The CEO of a small truckstop firm testified before a Senate panel Wednesday that the Environmental Protection Agency's plan to drastically cut the sulfur content of all highway diesel fuel will upset the diesel fuel market, driving up costs for consumers.

The Senate Subcommittee on Clean Air, Wetlands, Private Property and Nuclear Safety should oppose the new regulations as expensive and risky, urged Paul Rogers on behalf of Voss Companies, Cuba, Mo., and the trade association NATSO, which represents the nation's travel plaza and truckstop industry.
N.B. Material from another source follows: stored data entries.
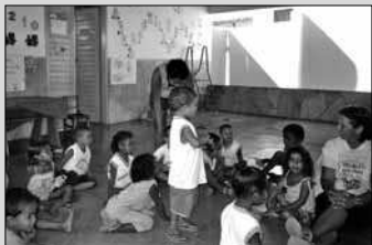
La missione a Picos, in Brasile.

In seguito l'impegno della Diocesi si aprì anche sulla diocesi di Bragança, dove era vescovo il validissimo di Co-
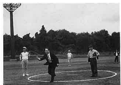
ソフトボール始球式風景
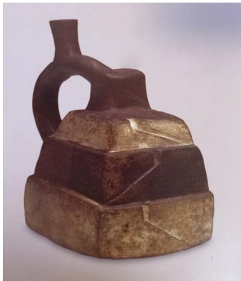
Figura 3. Vaso cerâmico de alça estribo em formato de montanha ou pirâmide escalonada. Mochica (Museu de Arqueologia e Etnologia da USP, Brasil. Reproduzido de Arcuri 2005).
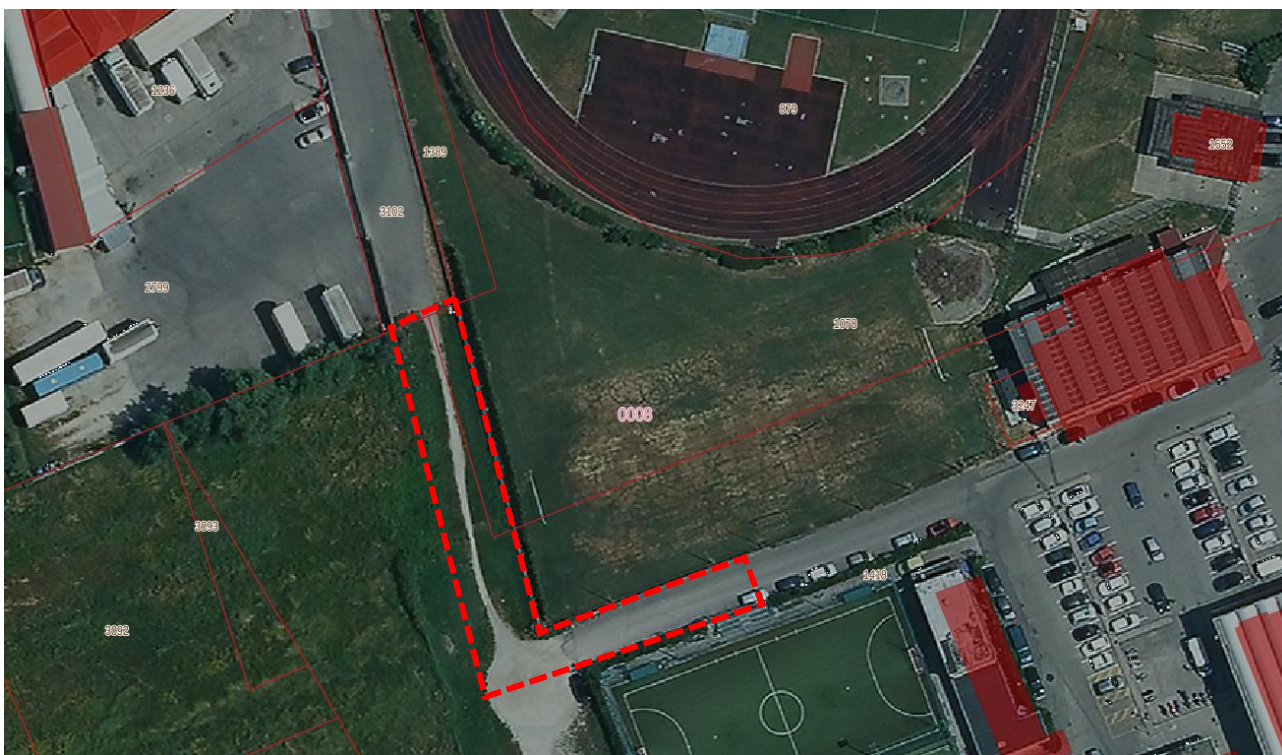
Figura 1 – Area interessata dalle lavorazioni

L'intervento ricade catastalmente all'interno del Foglio 8 del Comune di Monsummano Terme (PT).
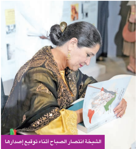
الشيخة انتصار الصباح أثناء توقيع إصدارها
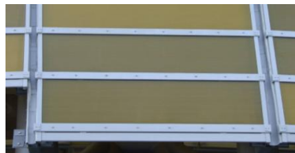
Rys. 7. Widok fragmentu konstrukcji pokrycia dachu stadionu; widoczne aluminiowe kształtowniki do mocowania płyt poliwęglanowych [fot. D. Kowalak]

Przewody odprowadzające. Rolę naturalnych przewodów odprowadzających pełnią w omawianym LPS dolne części (poniżej linii A – rys. 4) dźwigarów podtrzymujących zadaszenie trybun, posadowione na specjalnych przegubach (rys. 8) umożliwiających przemieszczanie się elementów wynikające z rozszerzalności cieplnej konstrukcji. Mostki widoczne na rysunku 8 tylko zwierają elektrycznie elementy ruchome przegubu, nie są to zaciski probiercze.
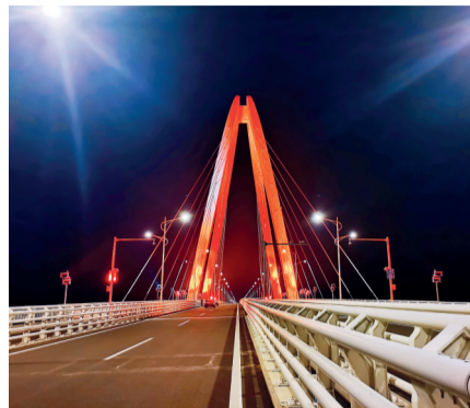
▲花山大桥通车 ▼花山大桥主塔合龙

9月28日零时,南京市高淳区环湖线主线工程花山大桥正式开通。承建单位中铁四局二公司以一份人民满意、社会放心的答卷,献礼党的二十大!
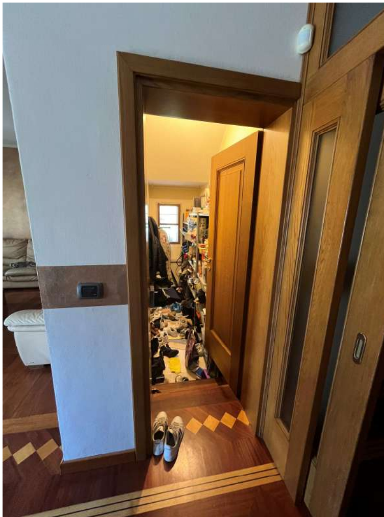
N.12 – Ripostiglio (1 di 2)
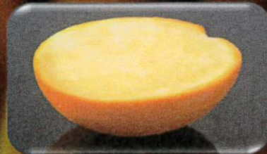
オレンジシャーベット
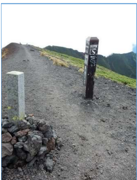
焼走り上坊コース 下山口誘導標

Under EPA's scheme, sulfur in diesel fuel would be lowered from 500 parts per million to just 15 parts per million beginning in 2006. "NATSO is very concerned that this 97 percent reduction in sulfur content of highway diesel fuel will seriously disrupt the truckstop industry's ability to consistently and reliably acquire highway diesel fuel for sale in our nation's vehicles," Rogers testified.
Not only will the EPA-proposed fuel cost more, it will not result in significant air quality gains when compared with the industry's proposal, NATSO claims. That's because the industry's proposal would cut sulfur almost as much. NATSO and the rest of the petroleum industry have voiced their support for a 90 percent reduction in sulfur levels to 50 parts per million, Rogers went on to say.
The worst effect on fuel retailers could actually come sooner than 2006 if EPA adopts its proposal to phase in the new fuel. Such a phase-in would force travel plaza operators to temporarily handle, segregate and sell two separate grades of highway diesel fuel -- a costly proposal.
"The introduction of a second grade of diesel could therefore force many truckstop operators out of business, and have the additional effect of further reducing diesel fuel supply."